Asked by Hatfield MP, Tapiwa Mashakada (MDC-T) to explain if bond notes were the ultimate solution to Zimbabwe’s liquidity crunch, Chinamasa said it was an incentive for exporters, adding they would also address issues of capital flight.

“If we invest $3 million into the market, it will all go through a sieve and we cannot afford that,” he said.

Chinamasa said the International Monetary Fund, World Bank and African Development Bank were not the panacea to Zimbabwe’s economic challenges.

He said the responsibility lay with Zimbabwe to create a conducive environment for both foreign and domestic investment.

Kuwadzana East MP, Nelson Chamisa (MDC-T) asked Chinamasa if there was any guarantee that export earnings in accounts of bond notes would not be externalised.

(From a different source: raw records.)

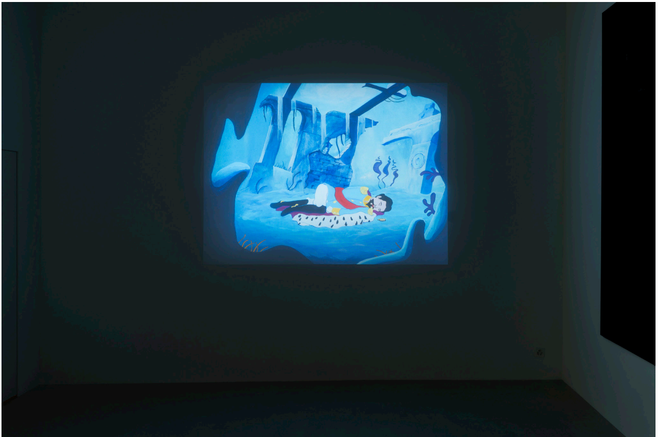
Ludwig 2024 Digital video, sound 8 min (loop) Installation view
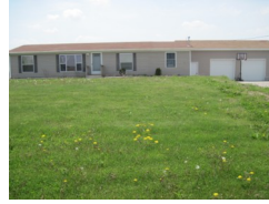
1667 Townline 14 $94,000 Bay County
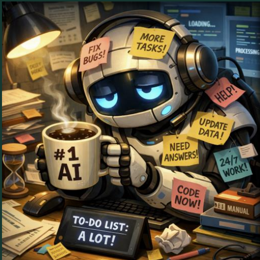
“The overworked intern”
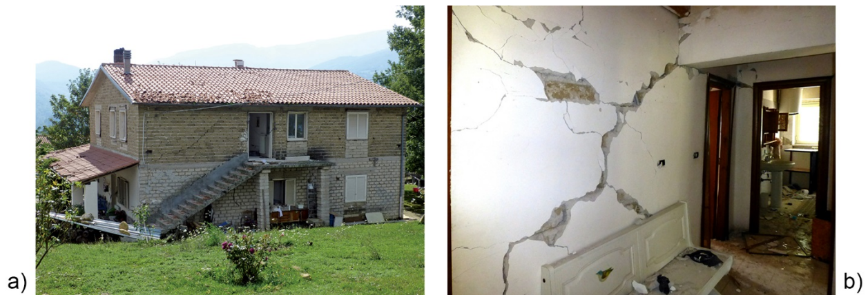
Fig. 22. Solid concrete block masonry (ground floor) and tuff masonry (first floor) building. a) External view, b) Internal view at first floor above ground. Accumoli, Illica.
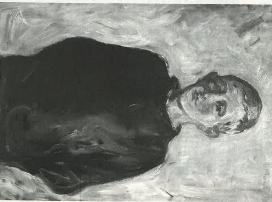
Edward Munch 'Gutt Fra Warremunde' (Boy from Warmunde) (1907) Oil on canvas
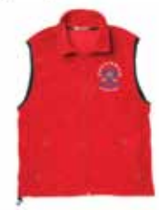
Red Fleece Sleeveless Zip-Up
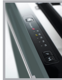
All controls located on top of door including digital display

Easy adjustable top basket even when fully laden
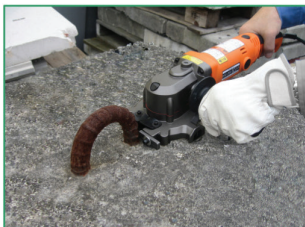
Get rid of unwanted protruding rebars or anchor bolts by cutting them cleanly at surface level.
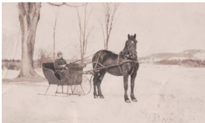
(Random internet picture)
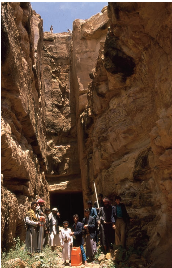
FIGURE 2: (a, above; b, below) Survey assistants carrying ranging rods, tripods and kalashnikoffs. Baynun, Yemen, 1997.
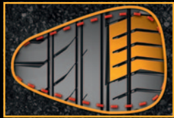
macro-block technology - Standard footprint - Footprint with macro-block technology
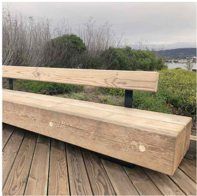
BENCH TO PUBLIC AREAS OR SIMILAR APPROVED

“It is like prescribing Norolol (malaria medication) to an HIV-positive patient. Right now, the issue of bond notes is affected by lack of confidence, and how are you going to cure the question of lack of confidence through introduction of bond notes?” Chamisa queried.

Chinamasa said bond notes were not being introduced to build confidence, but to enhance exports and foreign currency.

“We are saying, any foreign currency earned in Zimbabwe, is going to be liberalised in terms of its usage and we are no longer going to allow foreign currency to buy trinkets,” he responded.

Parliament is soon expected to craft the Reserve Bank of Zimbabwe (RBZ) Amendment Bill, which will make provision for the introduction of bond notes.

The august House has already asked for written submissions from the public on the Bill.

But according to the newly-gazetted RBZ Amendment Bill 2016, people who deface bond notes could face imprisonment of up to seven years.